Is there a correlation between the US crude oil import from Norway and the numbers of drivers killed in collision with a railway train? Or is there a correlation between the number of Math doctorates awarded and the amount of Uranium stored at US nuclear power plants? Nobody would say there is, but the opposite is actually true.
The website www.tylervigen.com shows spurious correlations; correlations that are there, but the two subjects have obviously nothing to do with each other. The website claims that it can show 30,000 of those spurious correlations. This can form a problem for Machine Learning.

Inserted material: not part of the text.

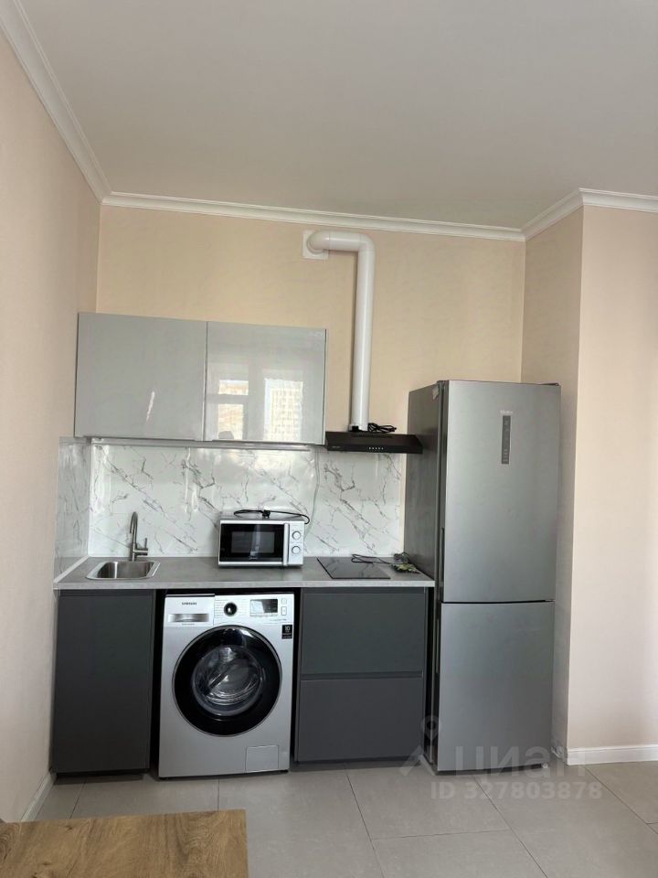 В квартире выполнен косметический ремонт (покраска стен, новый ламинат).Есть всё необходимое для комфортного проживания: мебель на кухне и в комнате, новый матрас. Из техники — холодильник, телевизор, стиральная машина, микроволновая печь,вытяжка, чайник. Санузел совмещённый, с ванной. Также имеется балкон, где можно отдыхать или хранить вещи.Сделан хороший клининг.

Machine Learning is a specific part of Artificial Intelligence. It is defined as a field of computer science that gives computers the ability to learn without being explicitly programmed (Arthur Samuel, 1959). Brynjolfsson and McAfee define two types of machine learning: deep learning and reinforcement learning. With deep learning uses the computer large datasets of examples of the correct answer in particular problems. This gives the machine mapping from an input (x) and an output (y). For example: (x)=pictures of various animals and (y)= the name of this animal. The algorithms use big datasets to learn itself the correct answers. With reinforcement learning, the system specifies he current state of the system and the goal, lists allowable actions and describes the elements of the environment that constrain the outcomes for each of those actions. The system has to figure out how to get as close to the goal, given the allowable actions.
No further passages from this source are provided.